» **Dataset excerpt**
*** Block opens ***

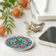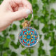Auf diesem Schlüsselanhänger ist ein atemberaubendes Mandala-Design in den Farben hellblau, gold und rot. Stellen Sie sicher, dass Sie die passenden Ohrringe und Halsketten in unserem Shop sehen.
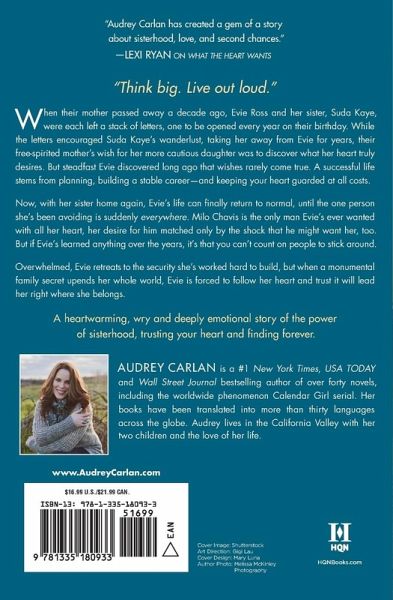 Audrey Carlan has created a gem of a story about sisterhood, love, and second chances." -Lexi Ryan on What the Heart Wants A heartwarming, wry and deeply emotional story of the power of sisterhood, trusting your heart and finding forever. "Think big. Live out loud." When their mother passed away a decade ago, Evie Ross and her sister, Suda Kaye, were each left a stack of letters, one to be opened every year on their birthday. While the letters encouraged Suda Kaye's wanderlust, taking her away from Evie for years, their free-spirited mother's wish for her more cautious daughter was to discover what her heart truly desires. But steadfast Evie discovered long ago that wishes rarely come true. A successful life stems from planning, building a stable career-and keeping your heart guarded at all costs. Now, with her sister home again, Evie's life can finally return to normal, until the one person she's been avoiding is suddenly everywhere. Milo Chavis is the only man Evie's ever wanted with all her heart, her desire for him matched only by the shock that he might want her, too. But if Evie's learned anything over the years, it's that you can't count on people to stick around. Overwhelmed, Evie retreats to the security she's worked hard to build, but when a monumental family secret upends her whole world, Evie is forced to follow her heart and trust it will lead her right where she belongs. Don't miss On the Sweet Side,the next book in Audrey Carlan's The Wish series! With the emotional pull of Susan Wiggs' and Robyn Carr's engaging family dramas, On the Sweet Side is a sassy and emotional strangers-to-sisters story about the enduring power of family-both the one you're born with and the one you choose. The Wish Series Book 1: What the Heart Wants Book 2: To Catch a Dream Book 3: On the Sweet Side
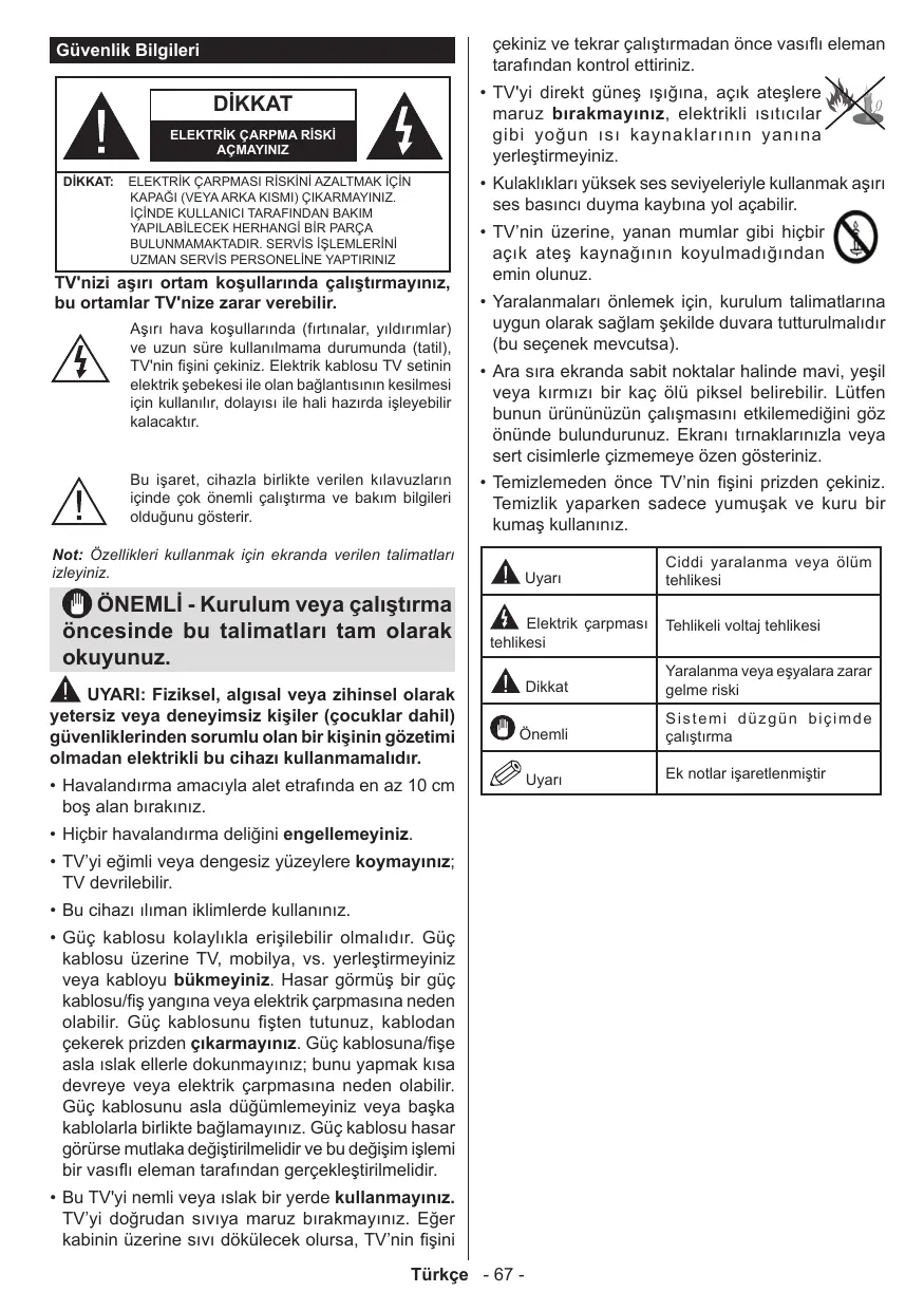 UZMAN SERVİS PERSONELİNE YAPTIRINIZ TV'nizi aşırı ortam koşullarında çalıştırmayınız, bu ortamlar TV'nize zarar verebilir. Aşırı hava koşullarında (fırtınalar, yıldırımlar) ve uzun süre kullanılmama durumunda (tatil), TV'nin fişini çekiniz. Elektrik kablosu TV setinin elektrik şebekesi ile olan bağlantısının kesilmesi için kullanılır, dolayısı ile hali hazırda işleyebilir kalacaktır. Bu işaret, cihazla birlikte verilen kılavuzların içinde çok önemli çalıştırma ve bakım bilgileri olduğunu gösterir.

*** Block closes ***

» **Your task**
Please give the data above again in exact form and omit every picture.

» **Solution to this task**
Auf diesem Schlüsselanhänger ist ein atemberaubendes Mandala-Design in den Farben hellblau, gold und rot. Stellen Sie sicher, dass Sie die passenden Ohrringe und Halsketten in unserem Shop sehen.
 Audrey Carlan has created a gem of a story about sisterhood, love, and second chances." -Lexi Ryan on What the Heart Wants A heartwarming, wry and deeply emotional story of the power of sisterhood, trusting your heart and finding forever. "Think big. Live out loud." When their mother passed away a decade ago, Evie Ross and her sister, Suda Kaye, were each left a stack of letters, one to be opened every year on their birthday. While the letters encouraged Suda Kaye's wanderlust, taking her away from Evie for years, their free-spirited mother's wish for her more cautious daughter was to discover what her heart truly desires. But steadfast Evie discovered long ago that wishes rarely come true. A successful life stems from planning, building a stable career-and keeping your heart guarded at all costs. Now, with her sister home again, Evie's life can finally return to normal, until the one person she's been avoiding is suddenly everywhere. Milo Chavis is the only man Evie's ever wanted with all her heart, her desire for him matched only by the shock that he might want her, too. But if Evie's learned anything over the years, it's that you can't count on people to stick around. Overwhelmed, Evie retreats to the security she's worked hard to build, but when a monumental family secret upends her whole world, Evie is forced to follow her heart and trust it will lead her right where she belongs. Don't miss On the Sweet Side,the next book in Audrey Carlan's The Wish series! With the emotional pull of Susan Wiggs' and Robyn Carr's engaging family dramas, On the Sweet Side is a sassy and emotional strangers-to-sisters story about the enduring power of family-both the one you're born with and the one you choose. The Wish Series Book 1: What the Heart Wants Book 2: To Catch a Dream Book 3: On the Sweet Side
 UZMAN SERVİS PERSONELİNE YAPTIRINIZ TV'nizi aşırı ortam koşullarında çalıştırmayınız, bu ortamlar TV'nize zarar verebilir. Aşırı hava koşullarında (fırtınalar, yıldırımlar) ve uzun süre kullanılmama durumunda (tatil), TV'nin fişini çekiniz. Elektrik kablosu TV setinin elektrik şebekesi ile olan bağlantısının kesilmesi için kullanılır, dolayısı ile hali hazırda işleyebilir kalacaktır. Bu işaret, cihazla birlikte verilen kılavuzların içinde çok önemli çalıştırma ve bakım bilgileri olduğunu gösterir.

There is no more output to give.